This is not to say that Taoist standing practices integrate earth energy only (though that is often taught first). A major key to further progress in standing practices is to blend earth and heaven, through the human body, harmoniously. Heaven descends, and enlivens earth. Earth rises, and stabilizes heaven. Finding out how this process connects and blends with the aspects of the human body/psyche is much of what standing practices are about. Heaven, earth, and man.
On the physical, the pathway of heaven ~ human substance ~ earth integration, which the standing practices promote, is fascia ~ sinew channels ~ tendons ~ joints ~ bone marrow. The 1~2~3 steps, below, parallel that. (On a more subtle level, the extraordinary vessels are pertinent.) It is the interaction of heaven and earth through the human body that does the packing, changes the tendons, and washes the marrow. The heaven ~ earth dynamic is the authentic context of these practices.
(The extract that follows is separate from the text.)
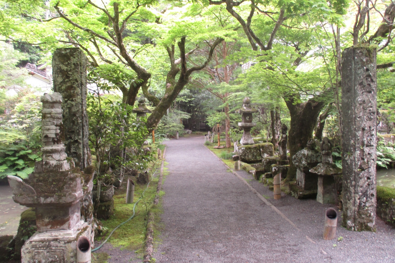 宝生寺は、奥嶽川の中流域の、清川町の宇田枝地区にありました。駐車場から進んだところに、ヒシでしょうか水草に埋まった大きな池が拡がっていました。周囲はもみじの木に埋まっていて、ここは紅葉の名所だということが分りました。久安年間(1145年~1151年)に、鎮西八郎源為朝によって建立したと伝わっているそうで、本堂にある十一面観音坐像は「為朝公背負の仏」と呼ばれるのだそうです。衰退しますが、1450年(宝徳2年)に、大友氏第14代当主の大友親隆が再建し、江戸時代には、岡藩の藩主の庇護があり、隆盛したとのことです。お経?の刻まれた石柱の周辺にはたくさんの苔の生えた石塔が置かれていました。南北朝時代以前の年代の銘も見られるとのことです。なお、山号はなく、臨済宗妙心寺派のお寺さんです。

Ok, so, that's the good news - now for caution. As with any of these effective tools, going over-board is counter productive. Listen to your body, learn from what it is saying. Working hard is one thing, "blasting through" is another (and will get you into trouble). A gentle approach and a general understanding is sufficient in the beginning. As your practice progresses and you want to approach later techniques, an increasingly detailed knowledge will serve you well.
Balance and harmony.
NOTE:
In the HT system, standing postures (zhang zhuang) are initially taught as part of HT's "Iron Shirt 1", but standing postures are not at all isolated to IS1: they are integral to all of IS1-2-3, and a main-stay of Taoist cultivation in general - so they are taught in the beginning. The sections, below, assume that zhang zhuang is recognized and present - and so go on to focus on the topics more specific to each of IS1-2-3.
Sections
Lower tan tien breathing.
Sinew, tendon changing.
Gentle marrow washing.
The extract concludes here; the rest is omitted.